BCR-ABL point mutants isolated from patients with imatinib mesylate-resistant chronic myeloid leukemia remain sensitive to inhibitors of the BCR-ABL chaperone heat shock protein 90 Journal Article


Authors: Gorre, M. E.; Ellwood-Yen, K.; Chiosis, G.; Rosen, N.; Sawyers, C. L.
Article Title: BCR-ABL point mutants isolated from patients with imatinib mesylate-resistant chronic myeloid leukemia remain sensitive to inhibitors of the BCR-ABL chaperone heat shock protein 90
Abstract: Clinical resistance to imatinib mesylate is commonly observed in patients with advanced Philadelphia chromosome-positive (Ph+) leukemias.

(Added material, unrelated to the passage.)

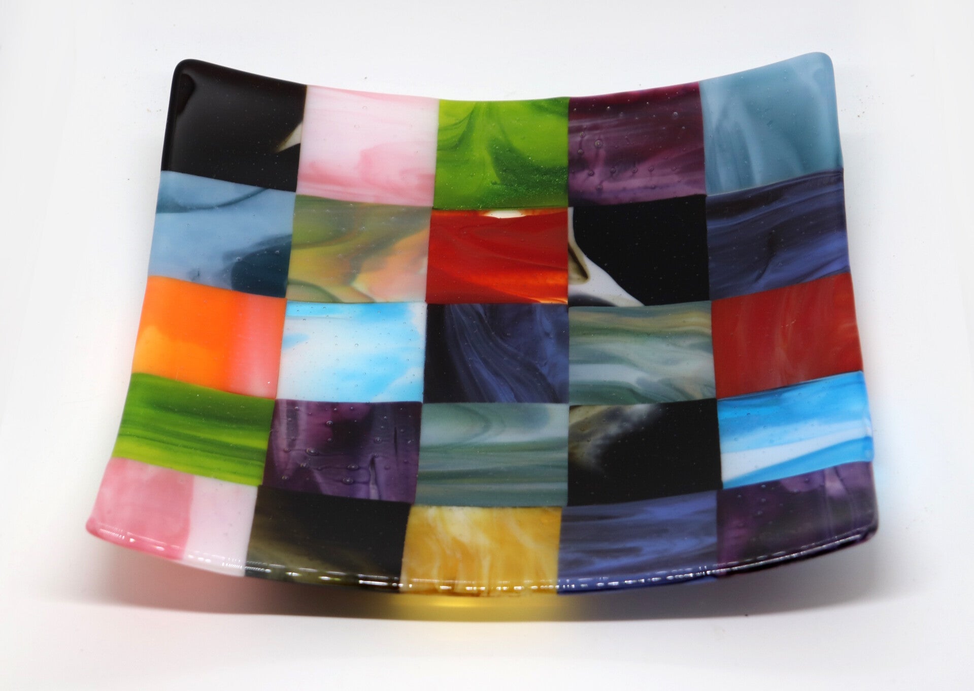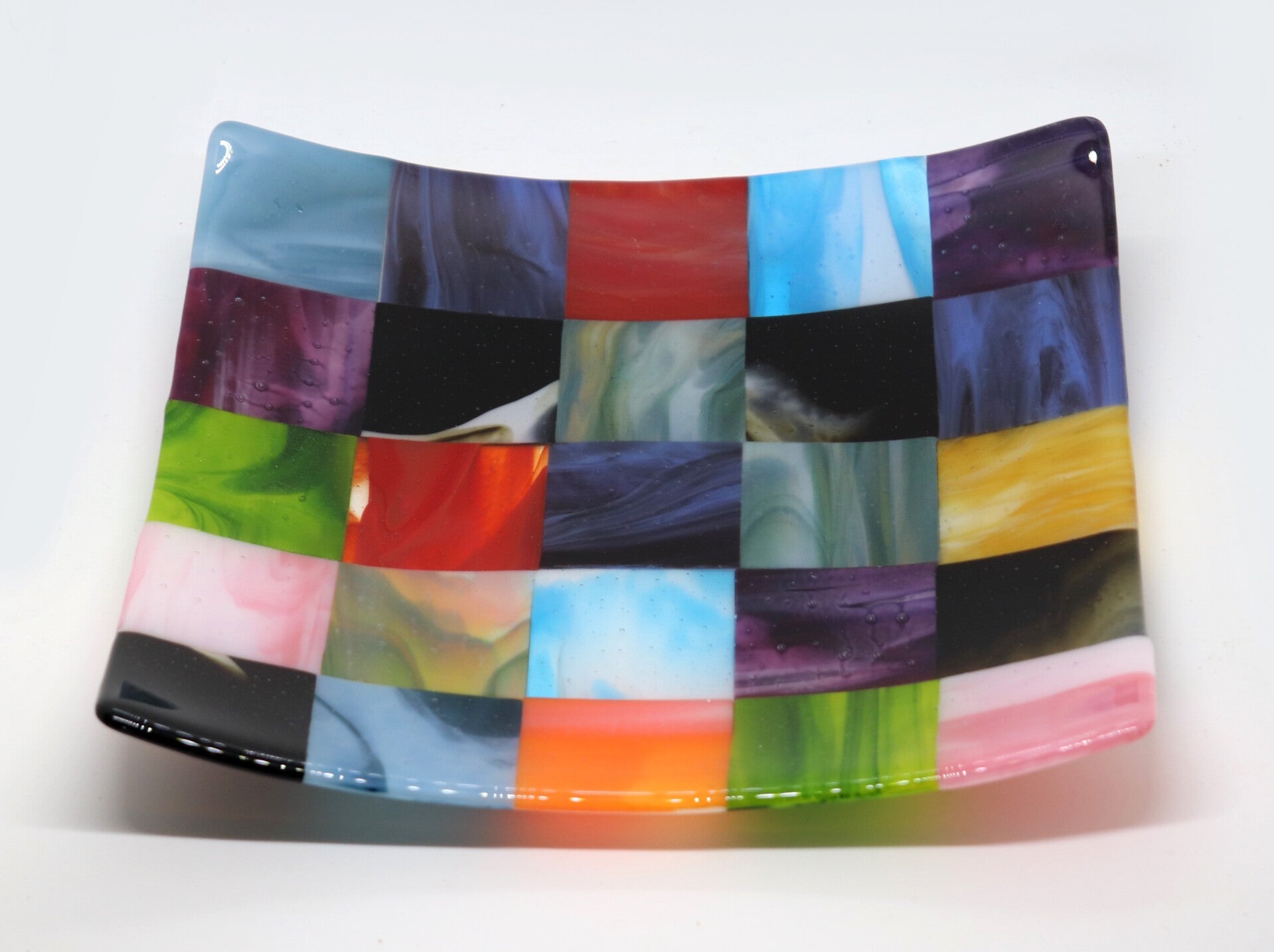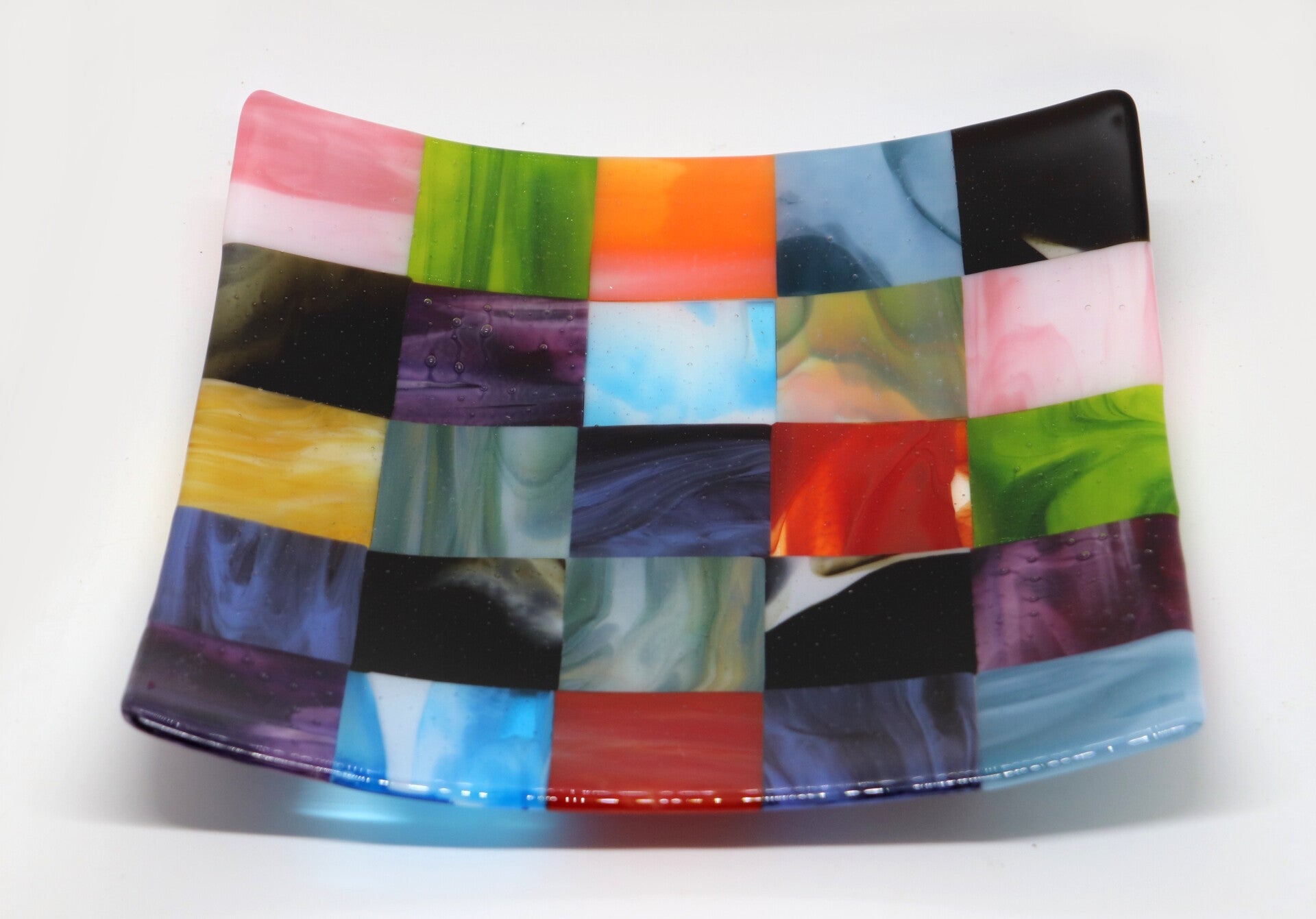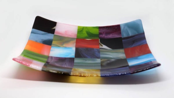 Grote vierkante schaal, met dambordpatroon van verschillende soorten gevlamd gekleurd glas
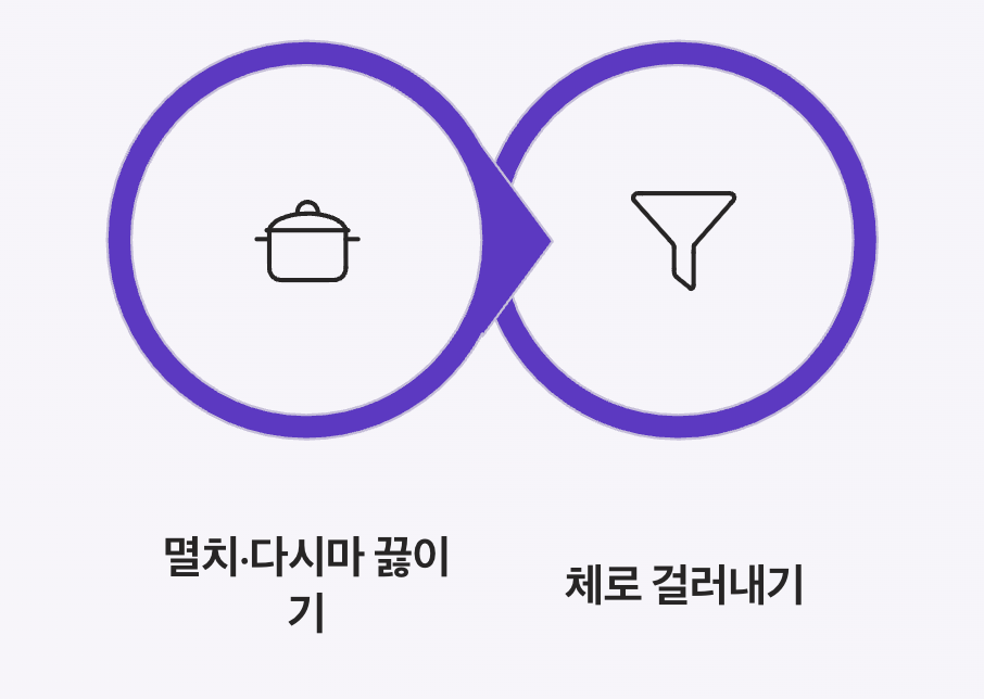 잔치국수 맛의 핵심은 바로 시원하고 깊은 멸치 육수입니다.

Acquired resistance is typically associated with reactivation of BCR-ABL due to kinase domain mutations or gene amplification, indicating that BCR-ABL remains a viable target for inhibition in these patients. Strategies for overcoming resistance can be envisioned through exploitation of other molecular features of the BCR-ABL protein, such as its dependence on the molecular chaperone heat shock protein 90 (Hsp90). To determine whether inhibition of Hsp90 could induce degradation of imatinib mesylate-resistant, mutant BCR-ABL proteins, hematopoietic cells expressing 2 mutant BCR-ABL proteins found in imatinib mesylate-resistant patients (T3151 and E255K) were examined for sensitivity to geldanamycin and 17-allylaminogeldanamycin (17-AAG). Both compounds induced the degradation of wild-type and mutant BCR-ABL and inhibited cell growth, with a trend indicating more potent activity against mutant BCR-ABL proteins. These data support clinical investigations of 17-AAG in imatinib mesylate-resistant Ph+ leukemias. © 2002 by The American Society of Hematology.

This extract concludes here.